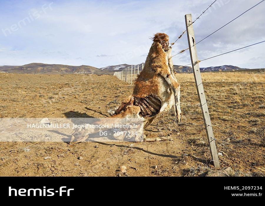 Argentine, Patagonie, Santa Cruz, El Calafate, Guanaco (Lama guanicoe) mort en traversant des fils de fer barbelés
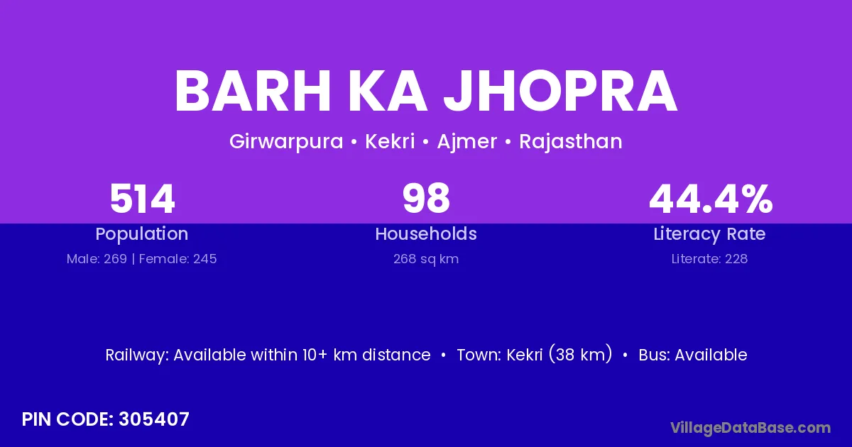 Kekri (38 km) is the nearest town to Barh Ka Jhopra village for major economic activities and is located approximately 38 km away.
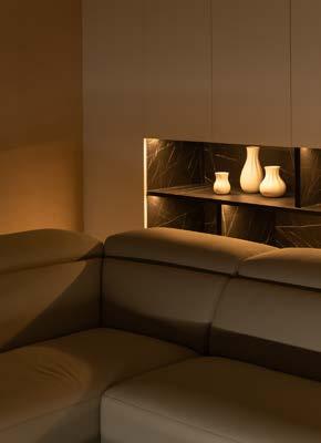 以彈性為配置概念,取消隔間區隔起居室與更衣室,將 空間最大化,而電視牆沒有固定的坐向框架,搭配活動 的TOGO沙發。
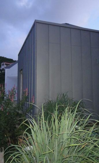 La villa Archi s’ouvre sur la vallée de Colombier (le poumon vert de Saint martin). Les volumes utilisés sont des volumes traditionnels de l’architecture vernaculaire, le « deux pans » sans débord de toiture pour le volume des chambres et le « quatre pans » pour le salon, reliés avec une toiture plate abritant salle de bain et cuisine.
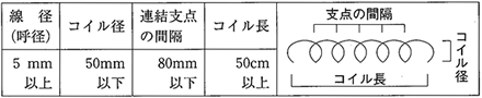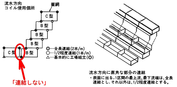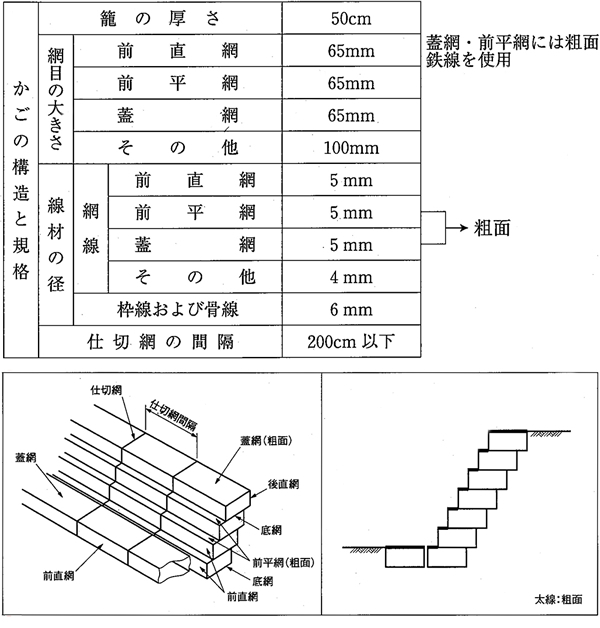 各接続部におけるコイルによる連結長(コイル使用数)は、底網やかご網構造のうちで表面に出ない箇所は接続長の1/2以上(コイルの使用数=1本/m)を結束し、他の接続箇所は接続長の全長(コイルの使用数=2本/m)を結束するものとする。

::::

The expected output is an exact copy of the lines from the top of the data above through the line containing "Kekri (38 km)", both included, with every picture omitted.

== RESPONSE BELOW ==
 Argentine, Patagonie, Santa Cruz, El Calafate, Guanaco (Lama guanicoe) mort en traversant des fils de fer barbelés
 Kekri (38 km) is the nearest town to Barh Ka Jhopra village for major economic activities and is located approximately 38 km away.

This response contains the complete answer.